Thomas Keane: And then at what point would just say that somebody should get genetic testing in terms of somatic mutations, I mean at what point in the disease? Say they get prostate cancer and they're now using it earlier and earlier. It used to be, as you said yourself, this started off in patients with metastatic disease. But if you had a patient today who you felt had a Gleason, say 4 and above, say 4+5, would you advise them to go straight to testing to see if PARP would be of help in the future that you could combine with one of the other novel therapies?
Dan Petrylak: Absolutely.
Thomas Keane: And at what stage?
Dan Petrylak: Well, again, I think you've got two different places to look. Number one, the guideline testing right now basically says that we really should be checking all people's germline right at the time of diagnosis, so that should be done. The issue as to when you should check the tissue, I like to do the most, obviously, when a patient becomes castrate-resistant, that's one time you should be checking the tissue for any sort of somatic mutations. The real question is how many times do you do it later on... on top of everything else?
Thomas Keane: And we don't know that?
Dan Petrylak: We don't know that. We don't know what the evolution is, how quickly you evolve somatic mutations or not.

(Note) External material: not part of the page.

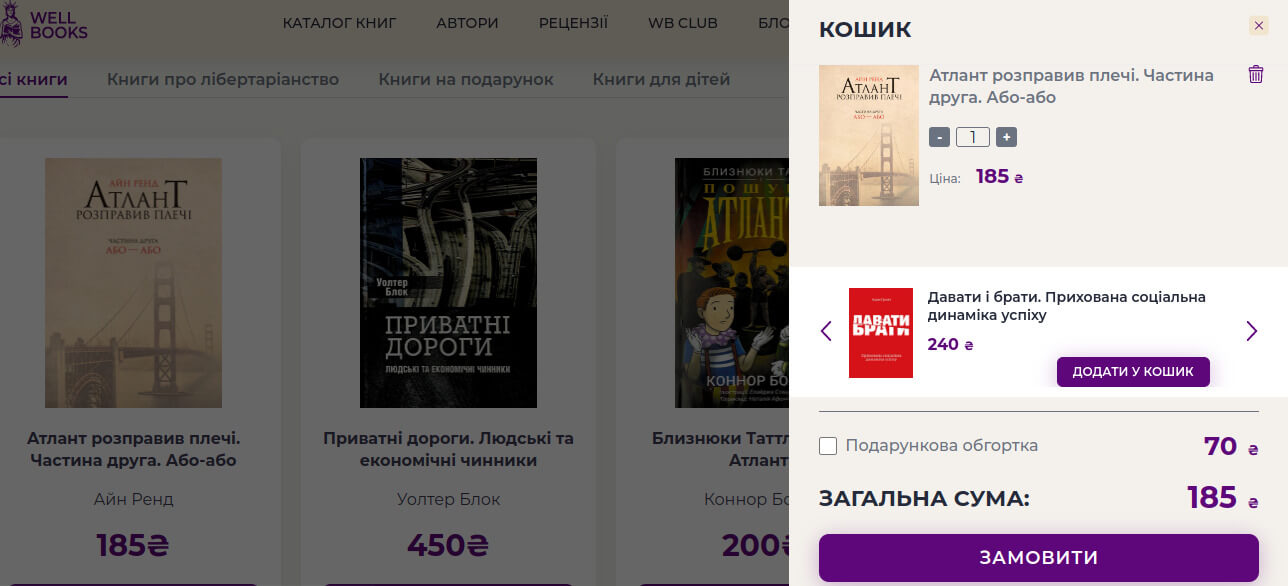 Принцип замовлення сподобався. При додаванні книги до кошика з’являється бічне меню. Можна відразу оформити покупку, подивитися додаткову рекомендовану книгу (та додати її). Зручна опція — подарункове пакування. Таким чином розробники сайту врахували побажання значної частини цільової аудиторії: тих, хто купують бізнес-літературу в якості презентів для керівників, колег, партнерів.

That's not clear, but I think that... I mean, for example, there was a study in, I believe it was in Clinical Cancer Research where they looked at microsatellite instability and found that in sequential specimens you did start seeing upregulation of them. So I think that that's just an interesting observation. When do you say no? When do you stop testing?
Thomas Keane: Right, right. This is data that we've never seen, well, we have seen it in recent years, but this is up-to-the-minute data, and it does point to us that there are certain selective prostate cancer patients who may well do very well from these treatments. And it is interesting to see that as you dial it back earlier in the disease that you're also starting to see responses. Okay, well, thank you once again, Dan. It was a pleasure having you on.
Dan Petrylak: Always a pleasure, likewise. Thank you.